I agree they had no effect in this case.
They failed to serve their intended use. That may be worse than useless, because it comes with unfulfilled hope. Rather than offering no hope at all, with something that actually useless.
Failing to save someone's life, implies they made decisions in an attempt to save the life. That they tried, and were unsuccessful.
But in this case, they made decisions which directly prevented Micah from receiving the tests that would have given them the opportunity to save his life.
The decision, and action, to dissuade Micah's mother from seeking further medical care directly lead to his death. The decision, and action, to discharge him without adequate testing directly lead to his death.
The ER team on the third visit sounds to have tried and failed to save his life, even the decision to wait for blood thinners until more thorough testing was likely correct since they were most likely unaware of the risk of the formation of blood clots in the child.
The primary care doctor and the first ER team negligently made a series of decisions and actions that allowed a child to have an illness go undetected until it became fatal.
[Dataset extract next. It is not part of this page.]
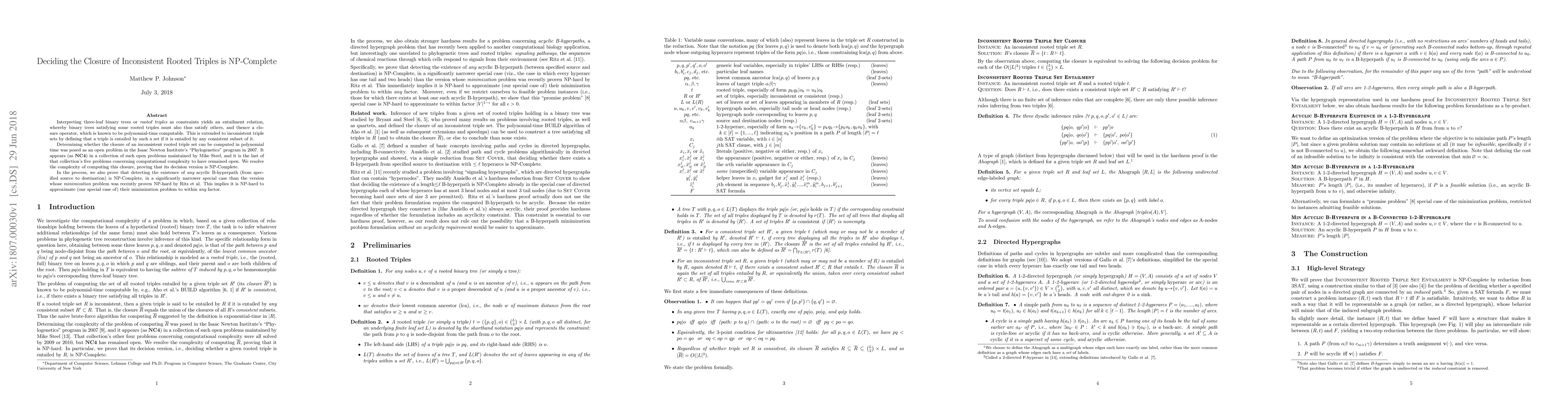 This paper proves that determining the closure of inconsistent rooted triples is NP-Complete, resolving an open problem from the 2007 "Phylogenetics" program. Additionally, it establishes the NP-Completeness of detecting any acyclic B-hyperpath in a narrower special case.

They had the training and knowledge to know how serious the symptoms reported were and that the child's recovery was not in line with the illness they had initially diagnosed him. They may have had procedures they didn't follow which if they had would have prevented Micah death. If those are identified, then yes, I would say they caused his death through inaction.
Does it rise to criminality? No. But it's likely malpractice.
It certainly is malpractice. They fucked up, and should be held accountable for those mistakes.
But if a person doesn't stop something, they had no part in starting, it doesn't make sense to say they "caused" the result.
It's really just that simple.
Hypothetically, you're a bridge inspector. Someone reports a bridge in your area has problems and should be looked at. It's part of your job to inspect bridges that have reports filed. You go "look at" the bridge but don't inspect because "99% of reports are fake". The bridge collapses killing someone.
Did you cause the death?
No. You failed to prevent it.
Inaction can be causative. For example, to simplify the scenario into the trolley problem, with one person on the current track, and no people on the other track, if you choose not to pull the lever, you have caused that person's death.
I'm specifically saying that's not true. You failed to prevent the death.
Even with the lever being a working break. You'd be correctly blamed for it. But you still didn't cause it.
Failure to fulfill a "what if" scenario you imagined, doesn't create a cause.